That would be a win for Coinbase, which was expected to report a steeper slowdown in trading volume from the first quarter. Dolev raised his fiscal 2021 revenue estimate to $5.6 billion, from $5.1 billion, and increased his price target on the stock to $315 from $285.
But the analyst kept a Neutral rating, saying he’s “cautious” on the medium term outlook. And he joins a few other analysts who aren’t convinced there’s much upside in the shares. Bernstein Research’s Harshita Rawat, for instance, launched on Coinbase last week with a Market Perform rating and $250 target. Keefe, Bruyette & Woods analyst
Kyle Voigt
has a Hold on the stock and a $325 target.
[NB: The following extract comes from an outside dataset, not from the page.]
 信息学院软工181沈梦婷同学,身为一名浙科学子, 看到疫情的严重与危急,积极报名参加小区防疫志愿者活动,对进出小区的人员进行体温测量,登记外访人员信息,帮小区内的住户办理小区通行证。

The headwind for Coinbase isn’t trading volumes, the price of Bitcoin (BTC) or other cryptos, or the growing acceptance of crypto as a currency that can be used for purchases at retail. Auction house Sotheby’s, for instance, said Tuesday that it would start accepting payment for artworks in Ether (ETC) or Bitcoin through a partnership with Coinbase. The first auction will be a piece by the artist Banksy, set to be sold on May 12. Bidding starts at $3 million.
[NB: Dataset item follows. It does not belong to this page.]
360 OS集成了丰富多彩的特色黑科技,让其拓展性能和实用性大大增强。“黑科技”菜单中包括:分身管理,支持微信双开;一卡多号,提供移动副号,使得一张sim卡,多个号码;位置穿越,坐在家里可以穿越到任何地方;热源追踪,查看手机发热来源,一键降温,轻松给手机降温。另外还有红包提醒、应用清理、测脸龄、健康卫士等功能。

The challenge for Coinbase is to protect its commissions as other trading platforms go after the same retail market. Consequently, Coinbase might have to cut its commissions to stay competitive—and that would mean a drop in profit margins.
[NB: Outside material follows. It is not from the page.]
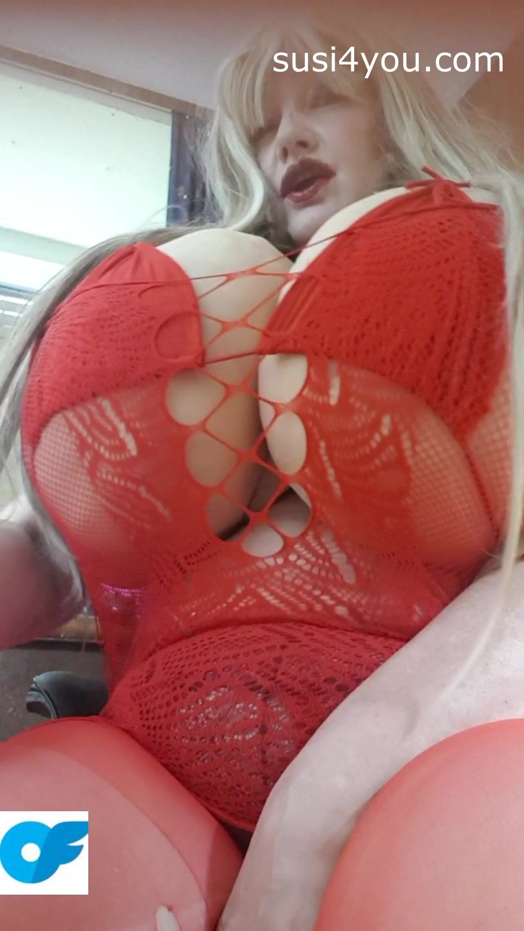 Have a look at nasty Susi showing pussy in red fishnet

“With over 80% of total revenue reliant on retail transaction fees, significant user overlap with
PayPal
and Square’s Cash App, and high user sensitivity to transaction fees, the specter of downward pressure on commissions is a concern,” Dolev wrote in a note on Tuesday.
PayPal
(PYPL) and
Square
(SQ) are both marketing their apps to crypto investors or people who just want to dabble with a few bucks in their digital wallets. They view crypto as an “engagement” tool for the payment apps, noted Dolev, while Coinbase earns the bulk of its revenue from commissions.
Trading crypto on Coinbase is pricey by equity market standards, which is commission-free on most discount brokerages. Coinbase charges a base rate of 4% on all transactions, though it cuts the rate to 1.49% for traders who fund their purchase from a bank account or Coinbase digital wallet. If a trader uses a debit card or PayPal account to fund a crypto purchase, however, the transaction fee is 3.99%.
PayPal’s trading fee is 2.3% for crypto purchases of $25 to $100, going down to 1.50% for purchases over $1,000.
Square charges variable fees, based on market activity and price volatility of Bitcoin. The company makes money off the spread, or the difference in price between its purchase of the crypto asset and sale price.
Robinhood, which is gearing up to go public, says crypto investing is commission-free on its app. The brokerage says it earns money on crypto-trading through “rebates and “pass on fees” from other trading venues.
Some of that commission pressure is already baked into analysts’ estimates for Coinbase. The company is expected to report GAAP earnings of $6.91 a share this year and $3.37 in 2022, going down to $2.68 in 2023, according to FactSet. With EPS heading lower, investors are now paying 76 times 2022 estimated earnings or 12 times sales, steep multiples compared to other exchanges.